Reino Unido fue el primer país en declarar la emergencia climática y ambiental. El diario The Guardian anunciaba en las mismas fechas la corrección de su guía de estilo para designar en adelante la cuestión como “emergencia climática”. La activista sueca Greta Thunberg pedía en Twitter: “Dejemos de decir cambio climático para llamarlo como lo que es: colapso, emergencia o crisis climática”. Países como Irlanda, Francia o Canadá secundaron la medida. En España, Pedro Sánchez advirtió que declararía la emergencia climática al formar gobierno, mientras Efeverde y Fundeu constituían un grupo de trabajo sobre el lenguaje relacionado con la crisis ambiental.

Muchas administraciones y medios de comunicación han ido adoptado la idea, que más allá de lo simbólico parece querer calar en la conciencia social y parlamentaria. Y ahí viene la polémica: el poder revolucionario de las palabras para transformar el significado que damos a las cosas, y con él nuestras ideas o forma de pensar. Un poder político.
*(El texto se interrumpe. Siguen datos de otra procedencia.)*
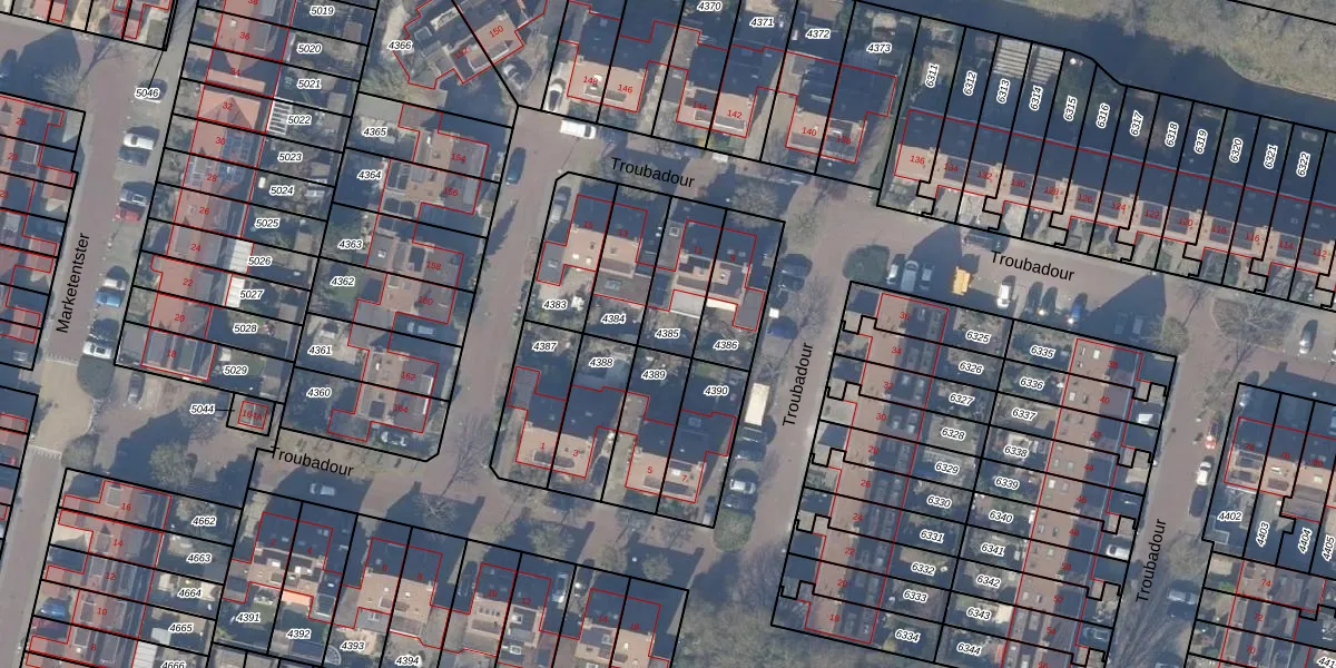 Gebruik de zoekbalk of klik op een perceel om informatie over het perceel te bekijken.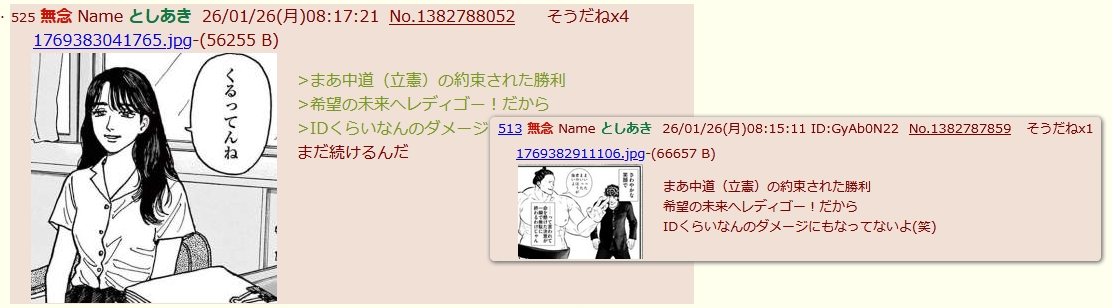 | … | 80無念Nameとしあき26/02/17(火)01:16:23No.1387966235+微妙に端末管理間違ってるよID出てる方をネトウヨ叩きで徹底しないと |

Porque otro término recientemente acuñado es el usado para referirse a los escépticos ante el cambio climático, que han pasado a ser «negacionistas”, con un eco a holocausto que despierta suspicacias.

El periodista John Müller opinaba este verano que la emergencia climática representa una retórica catastrofista que busca burlar la democracia, citando en su defensa al activista australiano Jeff Sparrow, quien en su artículo La emergencia climática puede poner en peligro la democracia recuerda los recortes de libertades y derechos que estas medidas invocan y por las que dicha estrategia puede ser contraproducente. Sparrow cita para ilustrarlo a James Lovelock, padre de la hipótesis Gaia, que en declaraciones a The Guardian dijo: “Necesitamos un mundo más autoritario (…). Unas pocas personas con autoridad y responsabilidad en quienes confiar que lo dirijan. (…). Incluso las mejores democracias están de acuerdo en que cuando se acerca una gran guerra, la democracia debe quedar en suspenso (…). Tengo la sensación de que el cambio climático puede ser tan grave como una guerra”. En su artículo, Sparrow aboga por discutir seriamente lo que entendemos por estado de emergencia sin sacrificar la participación democrática, pues como matiza: “Obviamente, para la mayoría de las personas, la nueva retórica de emergencia simplemente expresa su reconocimiento de la necesidad de una acción urgente. En ese sentido, es completamente bienvenido. Pero debemos protegernos de aquellos que usarían la urgencia como pretexto para el autoritarismo”. Sparrow alude directamente a la extrema derecha europea, que parece haberse subido al carro del conservacionismo desde su cierre de filas y fronteras, como Marine Le Pen.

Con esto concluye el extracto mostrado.